Standard simulation approaches using an ExxonMobil in-house simulatori to modeling fracturing require an excessive pressure gradient in order to propagate a fracture. As a result, the pressure of the fracture blocks is overestimated, resulting in an unrealistic overestimate of leak-off from the fracture. The fracture area is thereby significantly underestimated and possible fluid communication between wells is not properly modeled.
The term "dynamic fracturing" refers to an approach that improves hydraulic fracture modeling by using a variation of upstream weighting to calculate the effective permeability between fracture blocks. The upstream weighting is done indirectly using changes in void ratio, which is a measure of pore dilation due to pressure change. The method has been calibrated with field data from two Cold Lake pads.

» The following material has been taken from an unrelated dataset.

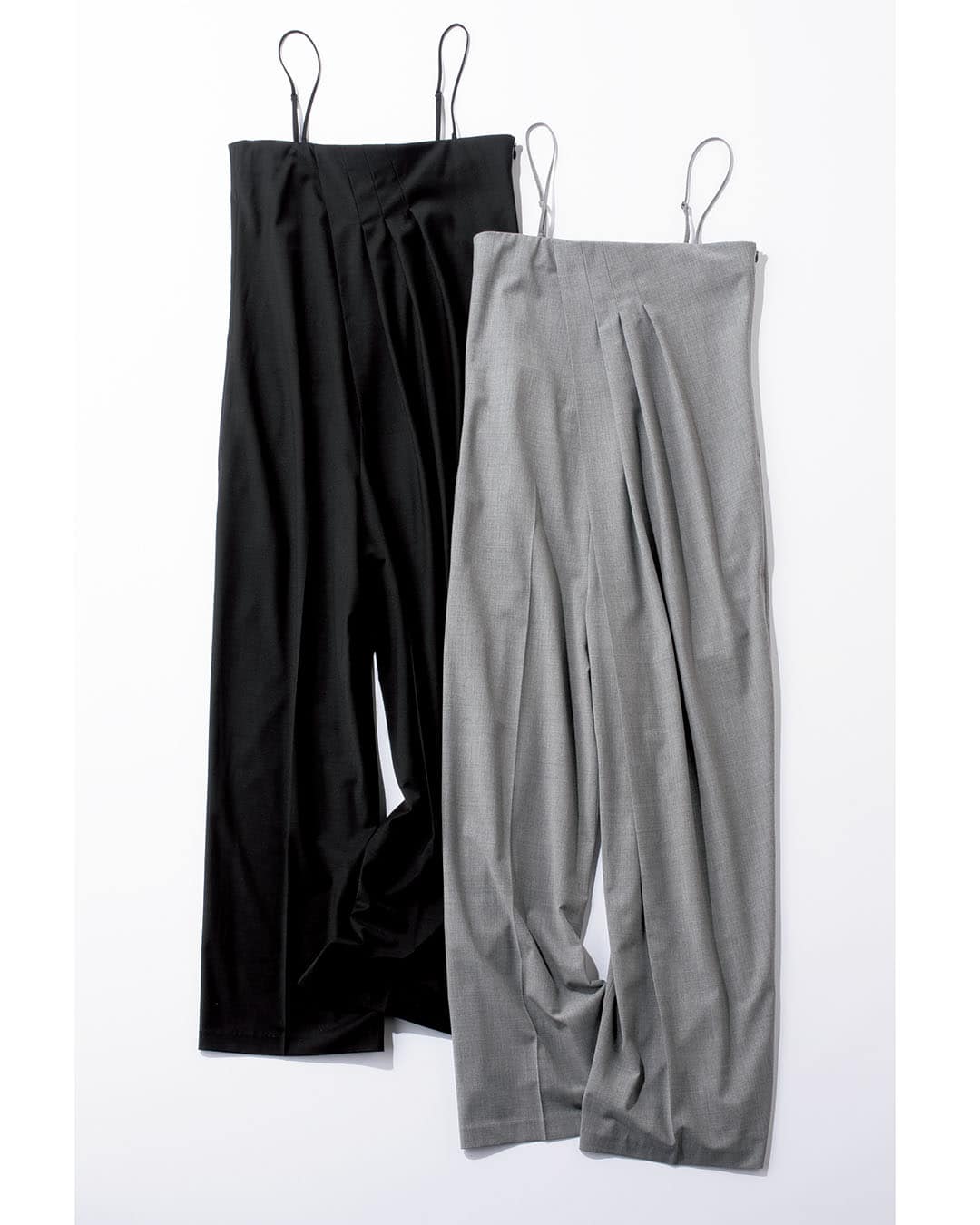 きちんと感のあるマニッシュなオールインワンは、合わせるインナーや羽織り次第でオンオフ問わず着られる万能アイテム。取り外し可能な細いストラップが女性らしく、胸元はゴム仕様で楽に着脱できます。
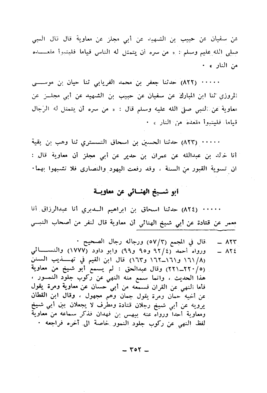 822 - حَدَّثَنَا جَعْفَرُ بْنُ مُحَمَّدٍ الْفِرْيَابِيُّ، ثنا حَيَّانُ بْنُ مُوسَى الْمَرْوَزِيُّ، ثنا ابْنُ الْمُبَارَكِ، عَنْ سُفْيَانَ، عَنْ حَبِيبِ بْنِ الشَّهِيدِ، عَنْ أَبِي مِجْلَزٍ، عَنْ مُعَاوِيَةَ، عَنِ النَّبِيِّ صَلَّى اللهُ عَلَيْهِ وَسَلَّمَ، قَالَ: «§مَنْ سَرَّهُ أَنْ يَتَمَثَّلَ لَهُ الرِّجَالُ قِيَامًا فَلْيَتَبَوَّأْ مَقْعَدَهُ مِنَ النَّارِ»

Early attempts to use this method encountered numerical stability problems. This resulted in very slow run times, and in many instances, cases could not be completed. The method has been improved using a simple dampening scheme making it practical to use in multi-well models. This approach is aimed at improving predictions of fluid distribution in early cycles of CSS including predictions for infill well performance. More realistic fluid communication modeling improves subsequent infill performance predictions. Useful comparisons of performance from different steam strategies require good predictions of fluid distribution caused by each strategy. This work has imporved our ability to model the CSS process and to predict field behaviour.